Greek default rumours hurt market sentiment in Europe

September 13, 2011 10:22 pm | Updated August 04, 2016 01:46 am IST - PARIS:

European capitals were rife with rumour about an imminent Greek default on its debt and French banks, which hold a major share of that debt suffered as a result, losing as much as 12 per cent, although markets rallied somewhat at the close of trading on Tuesday.

In a bid to calm nervous investors, it was announced that French President Nicolas Sarkozy and German Chancellor Angela Merkel will hold a conference call with Greek Premier George Papandreou on Wednesday to decide on immediate action.

Rumours about a Greek default began to affect markets adversely on Tuesday after it became clear that the country had failed to meet the fiscal goals set out in its EU/IMF bailout.

By French banks moved toward the centre of the European debt storm as growing concerns among investors about their ability to handle a potential Greek default raised the possibility the French government might need to take steps to strengthen the banks' financial positions.

Shares in BNP Paribas and Societe Generale, both globally interconnected French banks considered ‘too big to fail' by the government in Paris, slid as much as 12 per cent, continuing a month-long decline that prompted several government officials to close ranks on Monday in a bid to stop the attacks in the market. However, markets rallied towards the end of the day, with European stocks rising for the first time in three days. The benchmark Stoxx Europe 600 Index rebounded from a two-year low, as banking shares and carmakers advanced.
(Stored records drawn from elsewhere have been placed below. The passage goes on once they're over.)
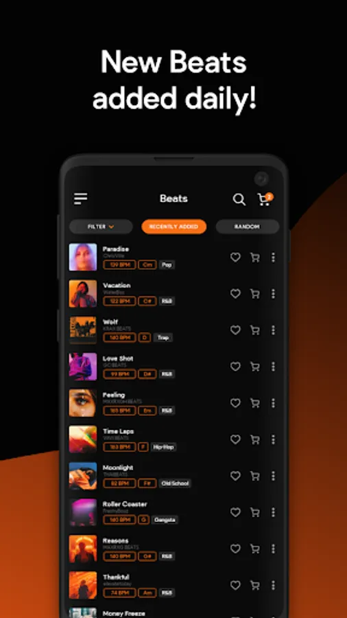 • Full details of each beat: Key, Tempo, Time Length, and Energy.
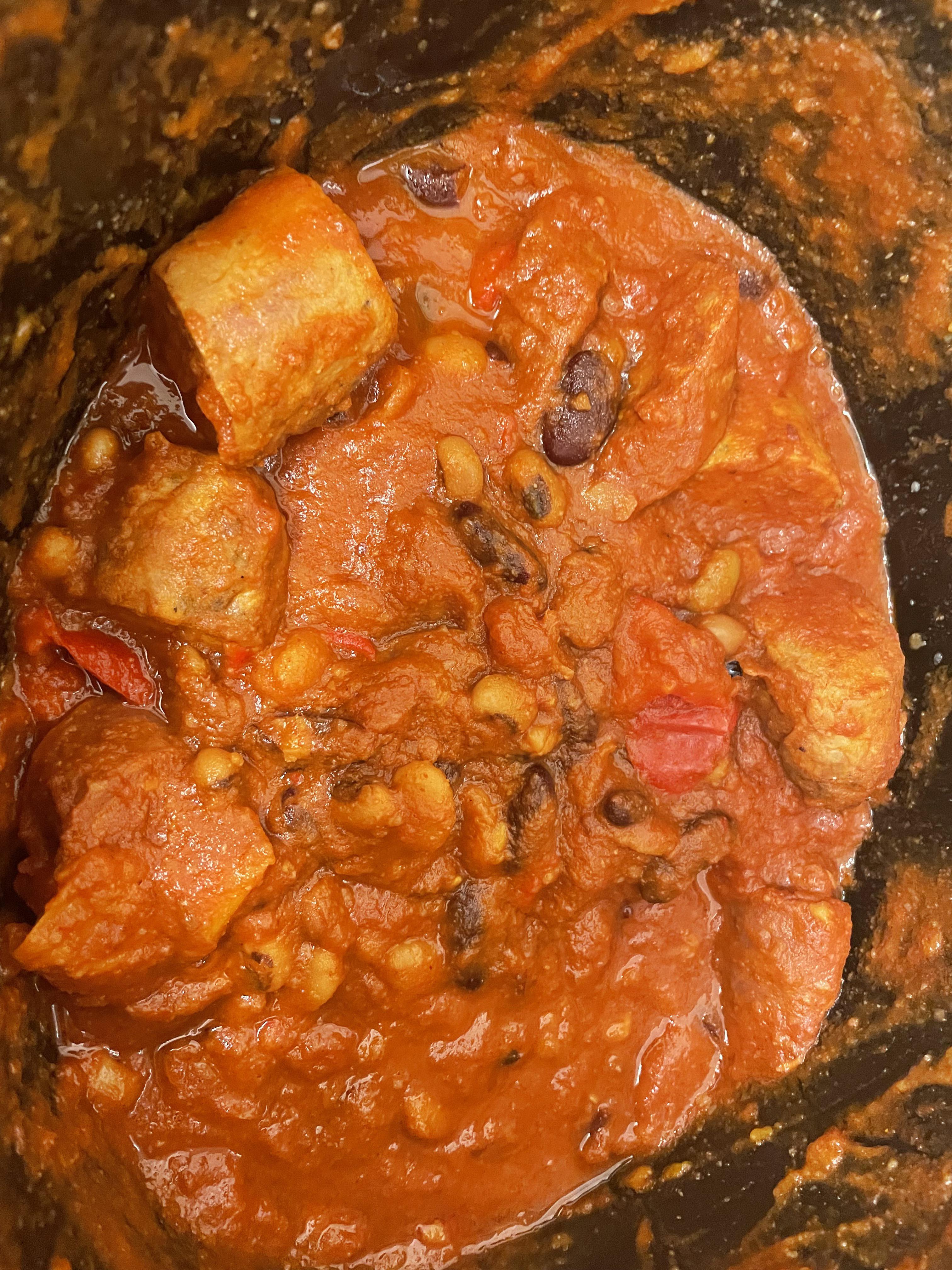 Chop everything into bite size chunks. Add all to the slow cooker. Add 1 and a half tins of water. Season with salt, onion salt, garlic granules, smoked paprika, and pepper to your own taste. Cook on high for 2 hours or low for 4 hours. Enjoy!
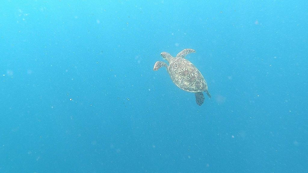 Alors, commençons : d’abord, nous avons vu des tortues rouges orangées et vertes, sur une petite île de 0.74 kilomètres carrés se nommant APO ISLAND.
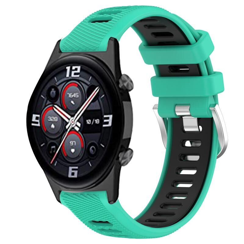 Για Honor Watch GS 3i 22mm Αθλητισμός Δύο χρωμάτων χάλυβα πόρπη σιλικόνης ρολόι μπάντα (Λίμνη μπλε + μαύρο)
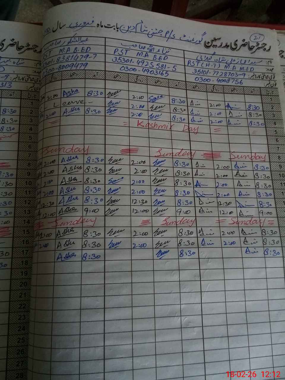 | Name: SY**** EJ**** AL**** SH**** Designation: (School Headmaster's/Headmistress's) PST Phone/Cell Number: 03**** |
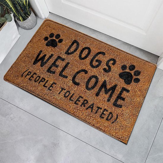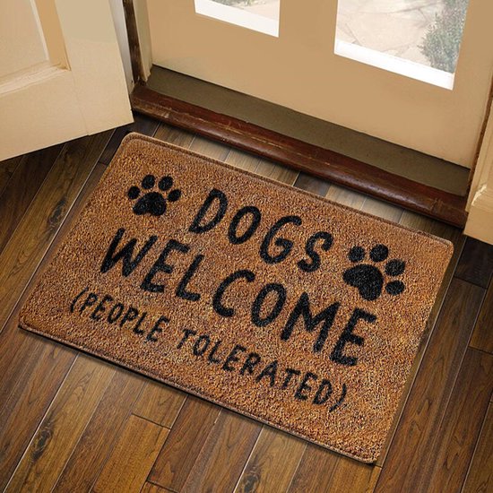 Humoristische en Absorberende Deurmat voor Hondenliefhebbers -"DOGS WELCOME (PEOPLE TOLERATED)"-Droogloopmat binnen 48*81cm
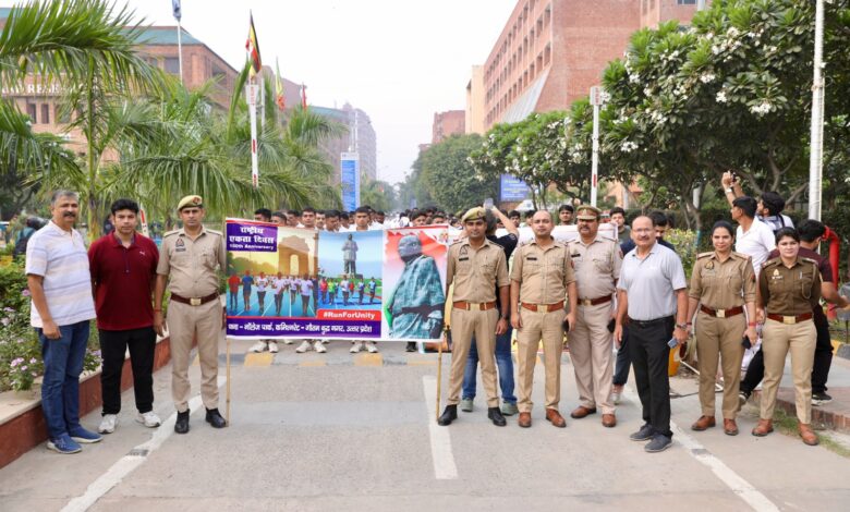 सरदार पटेल के 150वीं जयंती पर शारदा विश्वविद्यालय एवं नॉलेज पार्क पुलिस ने मिलकर किया रन फॉर यूनिटी का आयोजन
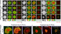 Treatment response was determined by evaluating the changes in fluorescence intensity of TPT uptake, spheroid sizing of DIC (differential interference contrast) images and propidium iodide (PI) staining of dead/damaged cells.
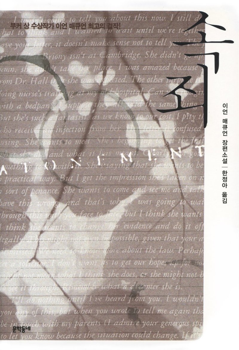 하지만, 영화를 보겠다는 생각을 실천하지는 못한 채 꽤 오랜 시간이 지났다. 그러다 인터넷 커뮤니티에서 한 네티즌이 작성한 책 추천글을 보고 이 영화를 다시 떠올리게 되었다. "유려한 문장과 방대한 서사를 느낄 수 있는 좋은 소설"이라는 작성자의 코멘트로 소개된 글을 통해 『속죄(Atonement)』라는 소설을 알게 되었고, 이 소설이 동명 영화의 원작이라는 것을 확인했다. 그 즉시 서점으로 가서 책을 구입했고, 책을 다 읽은 후 『넷플릭스』를 통해 어렵지 않게 영화를 볼 수 있었다. 원작 도서가 있는 영화의 경우, 책을 읽고 내가 상상한 분위기와 장면을 영화로 확인하는 것을 선호한다. 다만, 이번의 경우 영화를 먼저 보는 것이 좋지 않았을까라는 생각을 했다. 그럼 소설 『속죄』와 영화 『어톤먼트』그리고 소설보다 영화를 먼저 보는 것을 추천하는 이유 등에 대한 생각의 흐름을 풀어보겠다.

A gauge of European lenders climbed 2.9 per cent as Societe Generale and Deutsche Bank jumped more than 7 per cent. Bayerische Motoren Werke and Daimler led gains in European carmakers, both increasing more than 2 per cent. Cairn Energy fell 9.5 per cent, for the largest drop on the Stoxx 600, after abandoning its second oil well in less than two months.

However, worries persist. The French bank governor Christian Noyer said his country's banks “Have the means to face up to it, whatever the Greek scenario.” The Governor also ruled out any plan to nationalise French banks — at least for the moment. French Industry Minister Eric Besson described as “totally premature” even a partial nationalization of French banks, BNP Paribas announced it was getting rid of euro 4 billion of assets and a reduction in force exercise is also planned with over a thousand jobs likely to be axed. Societe Generale, BNP Paribas and Credit Agricole are considered integral actors in the French economy, lending billions of euros to businesses and individuals, and the government has said it will never let them any of them fail. Off the record finance ministry officials have told French journalists that the government is prepared to step in should any of the banks be threatened either by a hostile takeover bid or by the question of recapitalisation.